The authors use a technique called Bag of Little Bootstraps (BLB).

  • The Analogy: Imagine you want to know the average weight of all the apples in a giant warehouse. Instead of weighing every single apple (which takes days), you grab a few small handfuls (subsets), weigh them, and then use a clever math trick to simulate what would happen if you weighed the whole warehouse a thousand times.
  • This allows them to calculate the "margin of error" (how confident they are in their numbers) without needing a supercomputer to run for a month.
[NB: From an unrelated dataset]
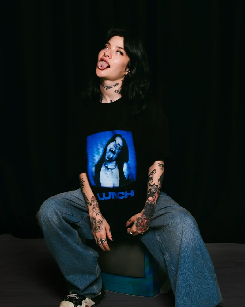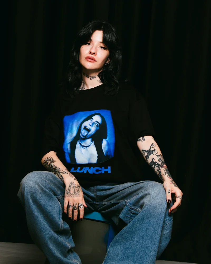 Lunch Baskılı Oversize Unisex Siyah Tshirt

5. The Swedish Case Study: The "Over-Count" Mystery

The authors tested this on Swedish data. Sweden has a great system where everyone must register to live there. But, many people move away and forget to "de-register."

  • The Old Way: Count everyone still on the list. Result: You think there are more people living there than there actually are (Overcoverage).
  • The New Way: The model spots the "ghosts." It sees people who haven't worked or paid taxes in years but are still on the family income list. It correctly identifies them as "Abroad."

The Result: The model found that the "Overcoverage" (people on the list who aren't actually there) was higher than previously thought, especially for certain groups like people from Denmark or Norway who move back and forth frequently.

Why Does This Matter?

If a government thinks there are 100,000 people in a city but there are actually only 90,000, they might build too many schools or hospitals, wasting money. Or, if they think there are fewer people than there are, they might not provide enough resources.

This paper gives statisticians a powerful, flexible lens to see through the noise of administrative data. It separates the real people from the "ghosts" left behind by bureaucracy, giving us a much clearer picture of how populations really move, grow, and shrink.

In short: It's like upgrading from a blurry, static photo of a crowd to a high-definition, 3D movie that tracks every individual's movement, even when they try to hide in the shadows.